Updated: Sep 21
There are two categories of active traders: Day Traders - those to make numerous trade during the day based on technical analysis) and Swing Traders – traders who identify “swings” movements or patterns over period of a few days. Both are considered short term profit takers, compared to longer term position trading or investing, but they differ in their time frame.. Some traders prefer to be skillful day traders or even scalpers due to available capital, time and psychology while others would prefer take the slightly longer term swing trading approach. Others can choose to be long term position investors, do part time swing trading and also occasionally dabble in day trading. So which strategy is better?
The day trader makes numerous smaller profits over multiple trades per day and cap losses on unprofitable transactions, they do not hold their positions over night. Successful day traders need to have control over their emotions, possess discipline, diligence and make quick decisions (with fast reflexes) as they need to be highly skilled to scour multiple screens to identify opportunities, using short term buy and sell signals and quickly exploit them. It takes a certain personality to sustain day trader’s lifestyle. The day trader needs to not work full time, take a flexible schedule, working at own pace. They need to focus at least 2 hours per day excluding preparation time and chart/trading review which would take another 1-2 hours.. They however could spend a lot in commissions due to the high trading volume and also on special software. Capital requirements plays a part: Day trading stocks in the US requires an account balance of at least $25,000.
Swing trading makes multiple trades per week instead of days, leaving their positions overnight and have option to set stop losses. Their objective is to make fewer but substantial gains more slowly, using trend and momentum indicators and some fundamental analysis. They do not spend a lot of time in front of their screens and could do this is part-time basis, many swing traders invest one hr per night to locate new trades and update orders on current position a few times per week. They also do not need special equipment. However, they also have the risk of larger losses due to their longer holding positions. Maximum leverage for swing traders are usually two times one's capital compered to day trading where margins are four times one's capital.
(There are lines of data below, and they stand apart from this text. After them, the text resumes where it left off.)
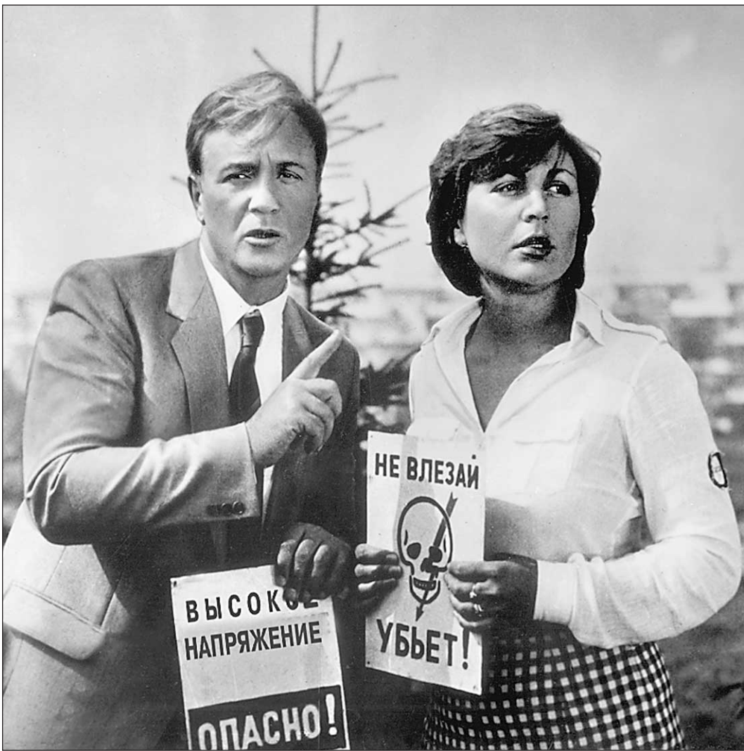
Кадр из фильма «Опасно для жизни!»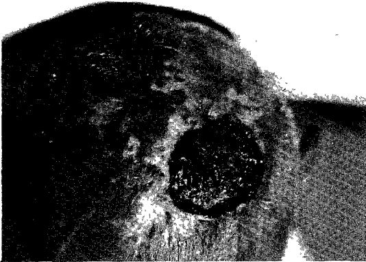
Fig. 1. A well-circumscribed round ulcer covered by granulating tissue and serosanguinous fluid on left parietal area.

병리조직학적 소견 : 궤양부에서의 조직검사소견은 표피는 소실되어 있었고 종양은 주로 진피의 상부와 중부에 위치하였으며 다형태의 방추형세포가 차륜상배열을 하고 있었다. 종양내에서 거대세포는 매우 드물게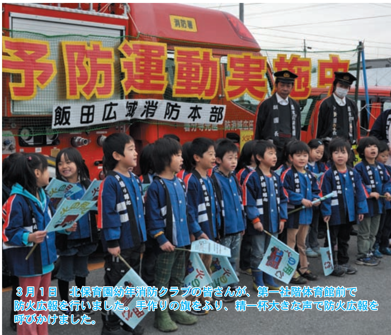
3月1日 北保育園幼年消防クラブの皆さんが、第一社階体育館前で防火広報を行いました。手作りの旗をふり、精一杯大きな声で防火広報を呼びかけました。

ホームページアドレス http://www.vill.takagi.nagano.jp/ 電子メールアドレス info@vill.takagi.nagano.jp

So, to conclude, the choice of swing trading or day trading depends on a few considerations. Day trading needs to be done on the effective hours when the market is open and active, if this time is not available, swing trading will be better since they are not affected by the minute movements, they could look at daily charts and even place trades after market hours. Also, if you have difficulty sustaining focus at least 2 hours a day during market hours in a continuous basis or have problems with quick reflexes, while taking the mental the stress , you should choose to go for swing traders. Finally, if your account balance is below $25,000, there is no option to be a day trader.